Oxygen weighing 10 g, at a temperature of 272 K and a pressure of 100 kPa, is compressed isothermally

Oxygen weighing 10 g, at a temperature of 272 K and a pressure of 100 kPa, is compressed isothermally to a volume of 1.2 liters. Determine the oxygen pressure after compression. Consider oxygen as a diatomic ideal gas with a molar mass of 32g.

m = 10 g = 0.01 kg.

T1 = 272 ° C.

P1 = 100 kPa = 100,000 Pa.

V2 = 1.2 L = 0.0012 m ^ 3.

R = 8.31 m ^ 2 * kg / s ^ 2 * ° K * mol.

M = 0.032 kg / mol.

P2 -?

With isothermal compression, the Boyle-Tariott gas law is valid: P1 * V1 = P2 * V2.

P2 = P1 * V1 / V2.

Let’s write down the Mendeleev-Cliperon equation: P1 * V1 = m * R * T1 / M and express the initial volume from it: V1 = m * R * T1 / M * P1.

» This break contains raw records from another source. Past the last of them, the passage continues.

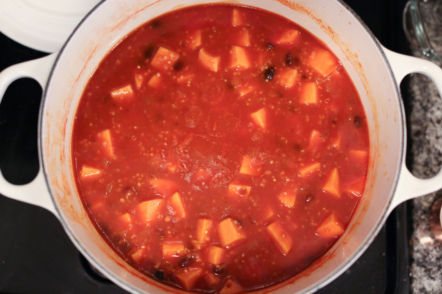 - Stir in the quinoa and simmer for 15 minutes more until the grains and sweet potatoes are tender.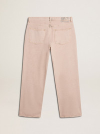 A collection inspired by the harmony of nature, where every detail flows with ease. These relaxed-fit jeans are characterized by a special craftsmanship process, unique to each piece: originally black, they are washed and dyed multiple times to achieve this distinctive pastel pink color. DETAILS Item No. GMP01636.P001854.25235 - Journey Collection - Color: pink - Double star on the back - Relaxed fit - Dyed effect - Main material: 100% cotton - Pocket material: 65% polyester, 35% cotton - Made in Italy The model is 183 cm tall and is wearing a size 32.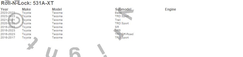 Below is an abbreviated list of applications for the Roll-N-Lock A-Series XT Truck Bed Cover.Tacoma, Toyota, 2023, 2022, 2021, 2020, 2019, 2018, 2017, 2016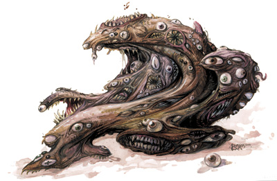 这个不健康的生物的身体有一个变形虫的形状和流动性。它的表面有人肉的颜色,但没有一致性。无数的眼睛和牙齿的嘴不断形成,当他们变得明显时又隐藏进身体里消失不见。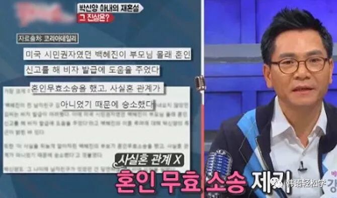 据朴信阳介绍,K某是白慧珍高中时期的男朋友。"去美国留学的K某因没有服兵役,签证发放遇到困难,因此,拥有美国市民权的白慧珍在父母不知情的情况下登记结婚,并提供了帮助。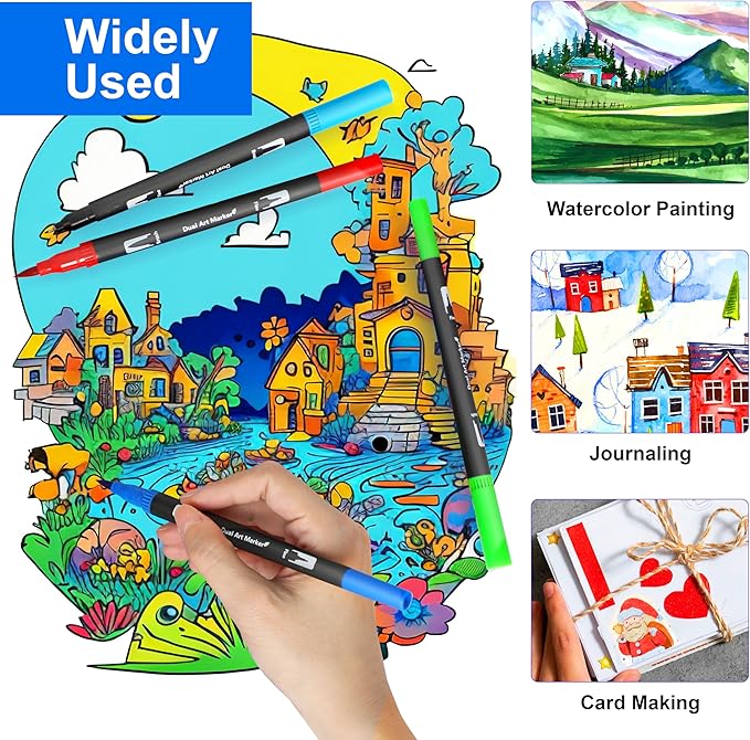 - 🎨Dual Brush Marker Pens: The coloring markers have a dual tip design with a 1-2mm brush tip and a 0.4mm fine tip, allowing you to create medium or bold strokes by varying the pressure of the brush, while experiencing fine strokes with the fine tip.The 0.4mm fine tip markers are great for sketching, tracing, and detailing, while the 1-2mm brush tip markers are great for giving large areas of color. The dual-head design fully meets your needs in different situations.
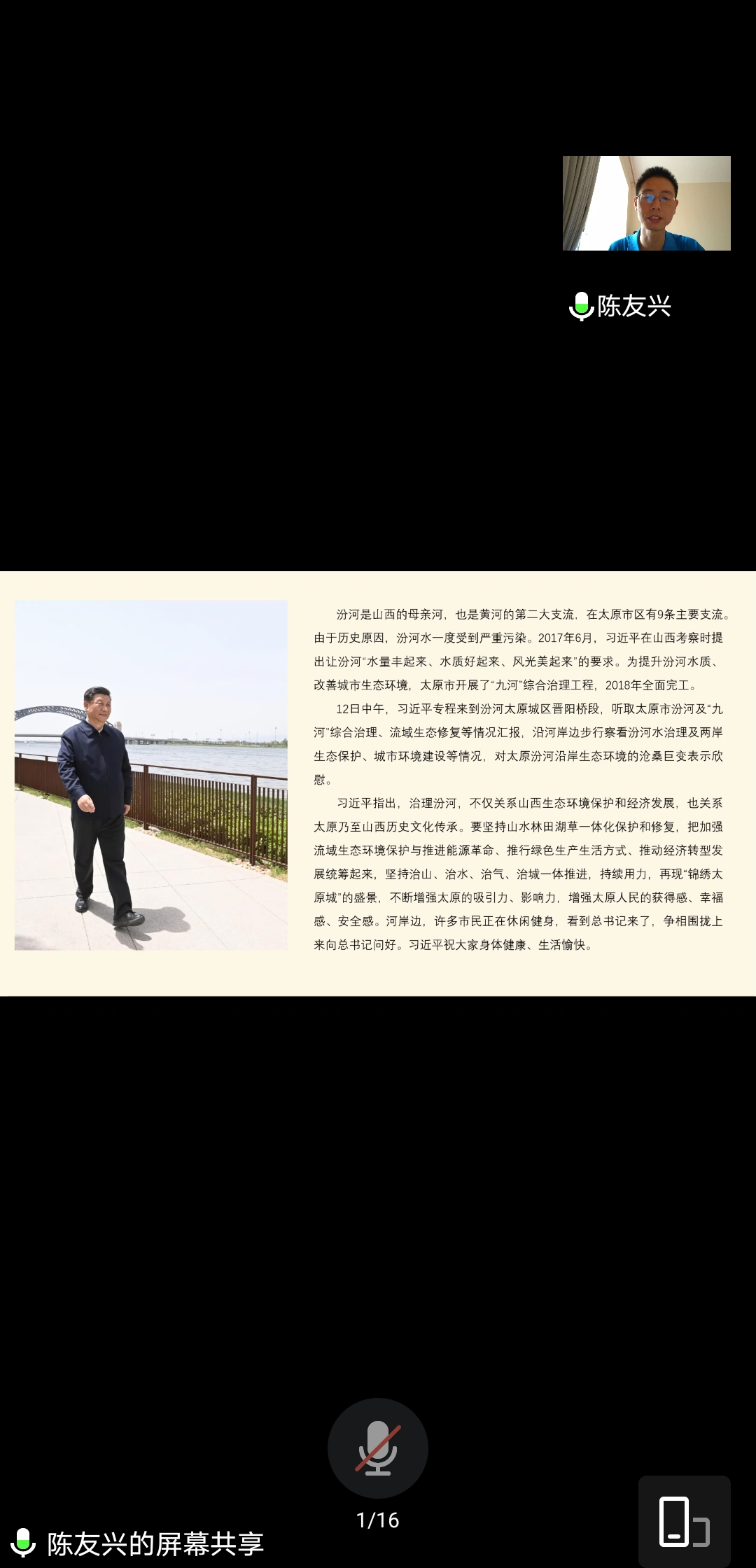 首先,陈老师分别介绍了习近平总书记视察山西所到地点和讲话内容,重点强调我们应该始终把学习贯彻总书记重要讲话内容作为首要的政治任务,坚决以习近平新时代中国特色社会主义思想为指引,坚定不移走中国特色社会主义道路。不到三年,习近平总书记两次来山西视察指导工作,对我省脱贫攻坚工作给予肯定并提出新的要求,更坚定了我们交好收官总账,决战完胜的信心决心。

P2 = P1 * m * R * T1 / V2 * M * P1 = m * R * T1 / V2 * M.

P2 = 0.01 kg * 8.31 m ^ 2 * kg / s ^ 2 * ° K * mol * 272 ° K / 0.0012 m ^ 3 * 0.032 kg / mol = 588625 Pa = 588 kPa.

Answer: after compression, the oxygen pressure became P2 = 588625 Pa.